In addition to projection-based systems, according to one or more embodiments of the invention herein, and with reference generally to FIGS. 7 A and 7B, the hologram projection system 700 may be established with an image source 770, such as video panel displays, such as LED or LCD panels as the light source. The stick figure 760 illustrates the viewer, that is, from which side one can see the holographic projection in front of a background 750. (Notably, the appearance of glasses on the stick figure 760 is not meant to imply that special glasses are required for viewing, but are merely to illustrate the direction the figure is facing.)

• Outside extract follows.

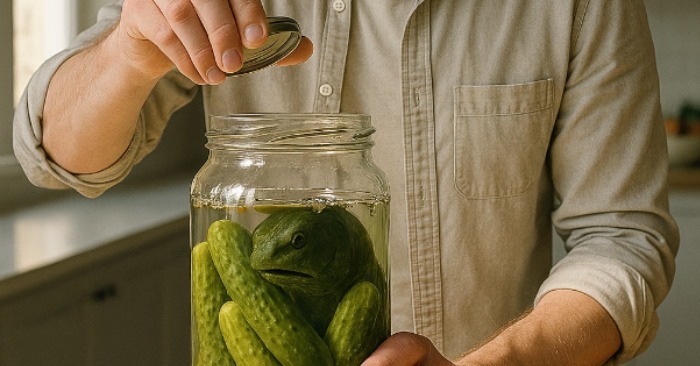 Mark set the jar on the table, grabbed the opener, and with a soft pop removed the lid. Instantly, the familiar smell of brine and dill filled the air. But when he looked inside, he froze. Among the pickles, half-hidden by the cloudy brine, was a dark green shape. At first he thought it was just a badly peeled cucumber. But then he realized — it wasn’t a vegetable.

The transparent screen 720 is generally a flat surface that has similar light properties of clear glass (e.g., glass, plastic such as Plexiglas or tensioned plastic film). As shown, a tensioning frame may be used to stretch a clear foil into a stable, wrinkle- free (e.g., and vibration resistant) reflectively transparent surface (that is,

displaying/reflecting light images for the holographic projection, but allowing the viewer to see through to the background). Generally, for larger displays it may be easier to use a tensioned plastic film as the reflection surface because glass or rigid plastic (e.g., Plexiglas) is difficult to transport and rig safely.

The light source itself can be any suitable video display panel, such as a plasma screen, an LED wall, an LCD screen, a monitor, a TV, etc. When an image (e.g., stationary or moving) is shown on the video display panel, such as a person or object within an otherwise black (or other stable dark color) background, that image is then reflected onto the transparent screen (e.g., tensioned foil or otherwise), appearing to the viewer (shown as the stick figure) in a manner according to Pepper's Ghost Illusion.

According to the techniques herein, therefore, such holographic projection techniques may be used as a display to create an interactive viewer experience. For example, as shown in FIG. 8, the interactive viewer experience 800 allows a viewer 810 can interact with an AI character 865. For instance, various cameras 820, microphones 830, and speakers 840 may allow the viewer 810 to interact with the AI character 865, enabling the system herein (AI character processing system 850) to respond to visual and/or audio cues, hold conversations, and so on, as described above. The avatar 865 may be, for example, a celebrity, a fictional character, an anthropomorphized object, and so on.

Notably, according to one or more embodiments herein, depth-based user tracking allows for selecting a particular user from a given location that is located within a certain distance from a sensor/camera to control an avatar. For example, when many people are gathered around a sensor or simply walking by, it can be difficult to select one user to control the avatar, and further so to remain focused on that one user. Accordingly, various techniques are described (e.g., depth keying) to set an "active" depth space/range.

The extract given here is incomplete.